Work: finally learning to say no!

Workload: making the right decision

You are always the first to arrive, and the last to come. You take charge of files that others do not have time to complete, you train all the trainees, and you even come on weekends during rush periods.

Result: you are exhausted nervously and physically. Let’s not even talk about your personal life, which is also taking a hell of a beating. You know very well that you will not be able to operate like this for a long time without breaking down. You cannot continue to sacrifice your health, your marriage, your family, or all three. It’s up to you to make the right decision. That oflearn to say no. Or rather, learn to say yes under certain conditions!

Do you love your job? One more reason not to let yourself be swallowed up. First, list the daily tasks that concern you. Are they in line with those for which you were hired?

Review your job description, or your contract, try to visualize the margin you have. This will help you put things into perspective. « Regarding the tasks assigned by your boss, try to identify what is normal collaboration or abuse of power. If the limits seem exceeded, you can contact your union for information. You have your own subjective helpfulness slider based on your availability which is not the same as that of the neighbor », Advises Karine Thomine-Desmazures. It’s up to you to know when this slider is exceeded. Trust yourself.

Adopt the technique of rambling. You said no, it’s no. Whichever way you are asked to do it. Always respond courteously, turn things the way you want, but stick to your positions. Do not enter the vicious circle of justifications. You would thus show the other that you are not really convinced of the merits of your refusal and he would only have to rush into the loophole. Even if you feel guilty, take it upon yourself not to show it. You may say that you are sorry, but be calm and seemingly confident. Specify that you have other prioritys, which are just as important as those of your interlocutor. Your refusal to do too much, to work like crazy to meet crazy deadlines is legitimate. Once you are convinced of it, you will have no trouble convincing others, and without even alienating them!

Work: understand what drives us to always accept everything

What drives you to always accept everything? This is the question you must ask yourself. You don’t want to end up in the crosshairs of your management if you refuse.
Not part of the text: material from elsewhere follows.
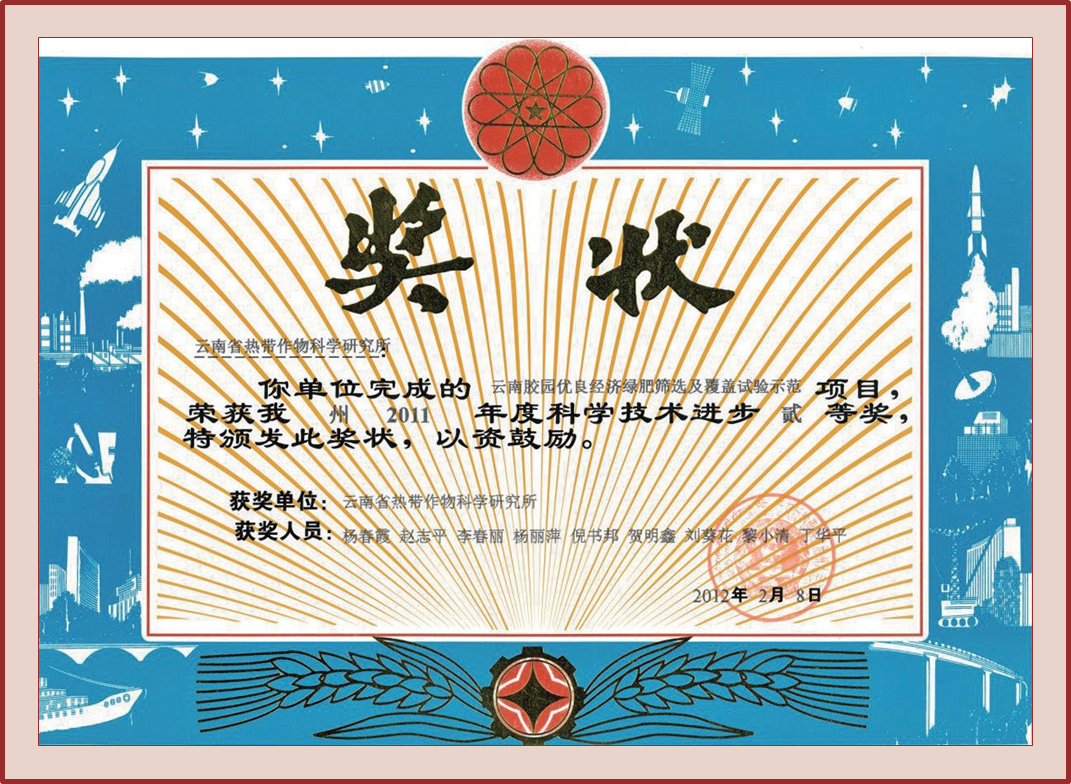 授奖级别 西双版纳州科学技术进步奖二等奖

You have kids, and you feel like you have to do twice as much so as not to be suspected of putting them before your job. You have the feeling that you still have everything to prove, you are a perfectionist, anxious. You don’t want to delegate anything, lest the job get done the way you want it to. Why can’t you let go of anything except your peace of mind? Most of the time it isa hidden guilt that your boss takes advantage of, more or less unconsciously. Once you have identified the fears that condition your reflexes, it is time to act on them.

How can you restore the balance to your advantage? You should proceed with the method and the organization that you put into everything. What are the specific situations where you could have handled extra work differently without putting yourself in danger? ” When a colleague asks you to help him or her, you can employ what is called in IT, the escalation procedure. », Specifies Karine Thomine-Desmazures. Analyze the situation, the need according to the person who asks for it.

It is about learning to say yes under certain conditions. Three situations can arise: your employee does not have time to do, does not know how to do or does not want to do. In the latter case, you can say no right away! If it’s an emergency, you can help out depending on your availability. If it’s a skill deficiency, and depending on your status, you can tell the person to go to a senior. Otherwise, explain the method and let the person do it first. Finally, you can do with the person, but manage well and delimit this help in time. If the situation repeats itself, it is advisable to take stock and rethink the situation.

Workload: talk about it with your boss and colleagues

If you “change your personality” overnight without warning, your boss may take it as a personal attack. Instead, make an appointment to discuss the problem. Do things by email to keep track, you never know. Prepare for this interview carefully. Introduce yourself with constructed arguments, give examples, and calmly explain why it doesn’t work for you anymore. As you are a person of good will, do not hesitate to suggest alternative solutions and suggest new ways of working.

Why not improve the organization of the team, for example? Do you have any good ideas to make the service easier to operate without taking care of everything? Share them! Often a boss asks just that. You set your limits on one side (and as with children, setting limits is structuring for everyone!) And bring added value on the other.

As we told you, you are not going to be able to brutally “break” your pattern without making your colleagues or your boss react, accustomed to your flexibility (yes!) And your providential availability. We don’t tell you to send an internal memo to announce your good resolutions, but to make a little effort in diplomacy and communication.

Expect amazement first, then resistance! People are not going to understand that you stop doing the work for them. Everyone will have to question themselves. Your approach risks exposing the weaknesses of the service, which you correct at your level. Which will force you to agree to modify your personal image. You are not perfect, you are not here to save the world. You will have to deal with your misplaced pride. This is the price to pay for a little more peace of mind in the long run.